I think that naming unique violations alone would be wrong (not to
mention ludicrously verbose). Heikki and I both feel that the CONFLICT
keyword captures the fact that this could be a dup violation, or an
exclusion violation. The syntax has been like this for some time, and
hasn't been a point of contention for a long time, so I thought this
was settled. Note that the syntax is quite similar to the SQLite
syntax of the same feature, that has ON CONFLICT IGNORE (it also has
ON CONFLICT REPLACE, but not ON CONFLICT UPDATE).

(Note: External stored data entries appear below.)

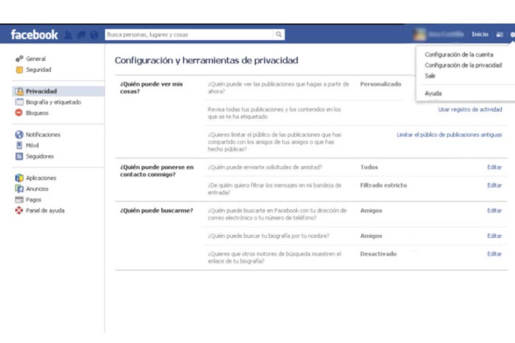 Desde el panel de ajustes de Facebook, en la sección de Privacidad puedes configurar quién puede ver tus cosas, quién puede ponerse en contacto contigo, y quién puede buscarte. Estos ajustes permiten dar acceso a tu contenido a cualquier persona, sólo a los amigos, o hacerlos privados de forma que sólo tú puedes ver tus publicaciones, fotos y dónde te etiquetan.
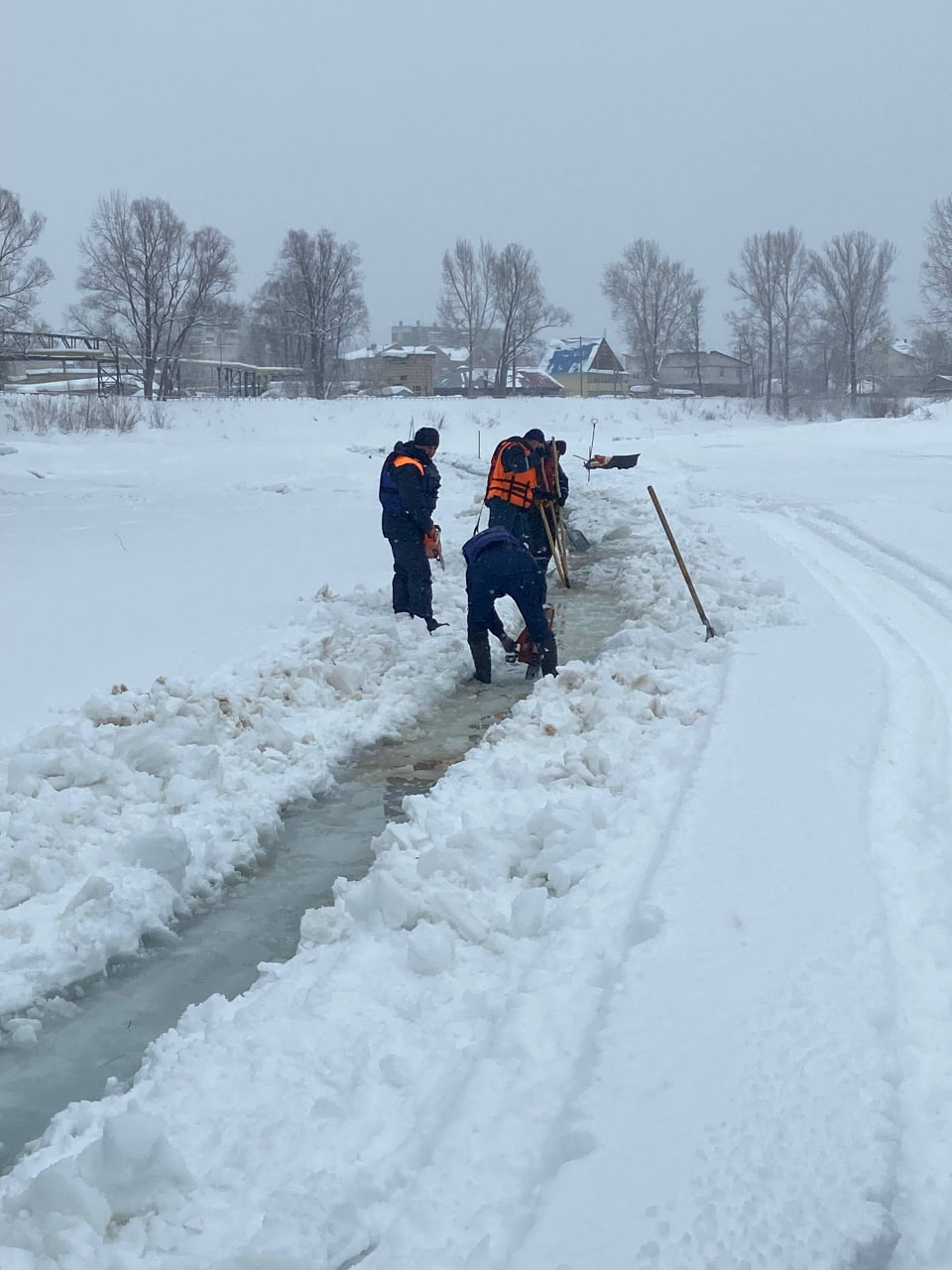 Сотрудниками Усть-Катавского поисково-спасательного отряда ГУ «Поисково-спасательная служба Челябинской области» проводятся мероприятия по распиловке льда на реке Сим.
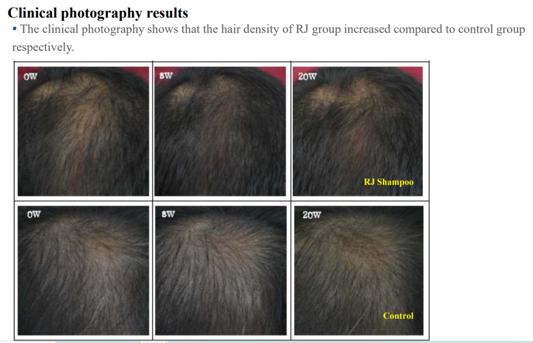 爱茉莉临床证实,与使用不含这两个成分但其他成分相同的洗发水相比,使用含有(0.1%黄芩根+0.1%甘草根)的洗发水更能增加志愿者头发数量、增粗头发。

> b) For me there's a WITH before the index inference clause missing, to
> have it read in 'SQL' style.

I'm not seeing it. BTW, Robert was the one who initially proposed that
the unique index inference clause follow this exact style (albeit
before it accepted a WHERE clause to infer partial indexes, which was
only added a couple of months ago).

> c) Right now the UPDATE can refer to pseudo relations 'TARGET' and
> 'EXCLUDED'. I think especially the latter doesn't fit anymore at
> all. How about 'CONFLICTING' and 'EXISTING'? Or even NEW and OLD?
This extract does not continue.